Note that this does not mean that endomorphisms can be arbitrarily rearranged inside the trace, which is a common mistake after seeing this formula. Anyway, this implies that

\displaystyle\begin{aligned}\mathrm{Tr}\left([x,y]\right)&=\mathrm{Tr}(xy-yx)\\&=\mathrm{Tr}(xy)-\mathrm{Tr}(yx)=0\end{aligned}

so actually not only is the bracket of two endomorphisms in $\mathfrak{sl}(V)$ back in the subspace, the bracket of any two endomorphisms of $\mathfrak{gl}(V)$ lands in $\mathfrak{sl}(V)$. In other words: $\left[\mathfrak{gl}(V),\mathfrak{gl}(V)\right]=\mathfrak{sl}(V)$.

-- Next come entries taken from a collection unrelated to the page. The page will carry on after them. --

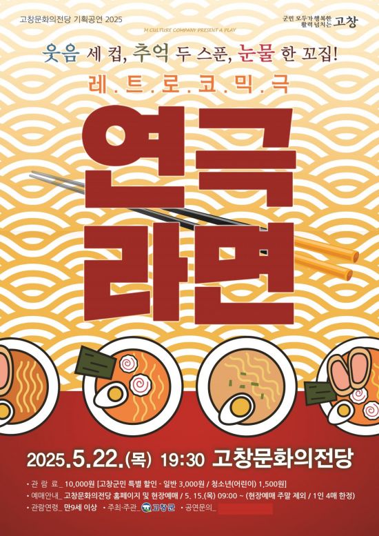 전북 고창군은 오는 22일 오후 7시 30분 고창문화의전당에서 대학로 대표 인기연극 '라면' 공연이 열린다고 14일 밝혔다.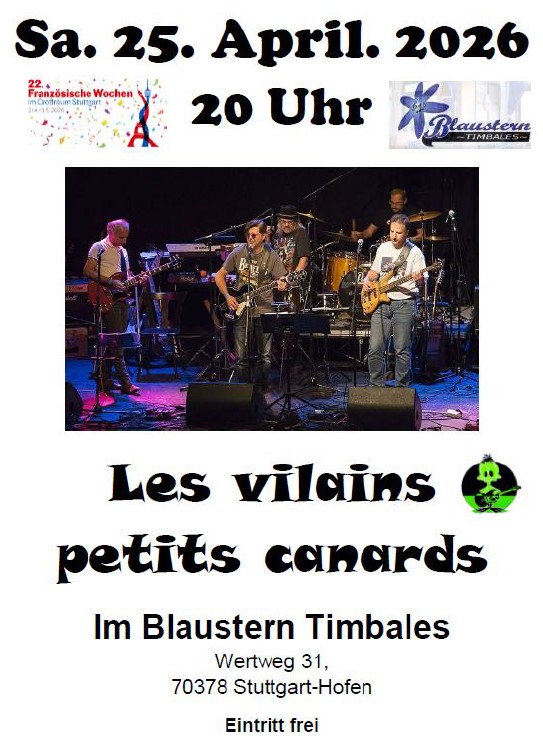 Weiter geht es dann mit einem besonderen Konzert im Rahmen der französischen Tage. Am 25.04.2026 spielen wir wieder als „Les vilains petits canards“ im Timbales französische Lieder. So war es 2024.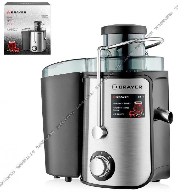 Центробежная соковыжималкаМаксимальная мощность 800 Вт2 скорости для мягких и твердых продуктовШирокий желоб для целого плода 65 ммКорпус из нержавеющей сталиФильтр из нержавеющей сталиКонтейнер для мякоти объемом 1,4 лКонтейнер для соккка объемом 0,5 лПротивокапельная системаПрорезиненные ножки

Choosing a basis, we will write the algebra as $\mathfrak{sl}(l+1,\mathbb{F})$. It should be clear that the dimension is $(l+1)^2-1$, since this is the kernel of a single linear functional on the $(l+1)^2$-dimensional $\mathfrak{gl}(l+1,\mathbb{F})$, but let’s exhibit a basis anyway. All the basic matrices $e_{ij}$ with $i\neq j$ are traceless, so they’re all in $\mathfrak{sl}(n,\mathbb{F})$. Along the diagonal, $\mathrm{Tr}(e_{ii})=1$, so we need linear combinations that cancel each other out. It’s particularly convenient to define

$\displaystyle h_i=e_{ii}-e_{i+1,i+1}$

So we’ve got the $(l+1)^2$ basic matrices, but we take away the $l+1$ along the diagonal. Then we add back the $l$ new matrices $h_i$, getting $(l+1)^2-1$ matrices in our standard basis for $\mathfrak{sl}(l+1,\mathbb{F})$, verifying the dimension.

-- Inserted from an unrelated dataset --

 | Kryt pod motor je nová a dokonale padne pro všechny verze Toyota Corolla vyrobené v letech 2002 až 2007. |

We sometimes refer to the isomorphism class of $\mathfrak{sl}(l+1,\mathbb{F})$ as $A_l$. Because reasons.

August 8, 2012 - Posted by | Algebra, Lie Algebras

1. […] with the special linear Lie algebras, these form the “classical” Lie algebras. It’s a tedious but straightforward […]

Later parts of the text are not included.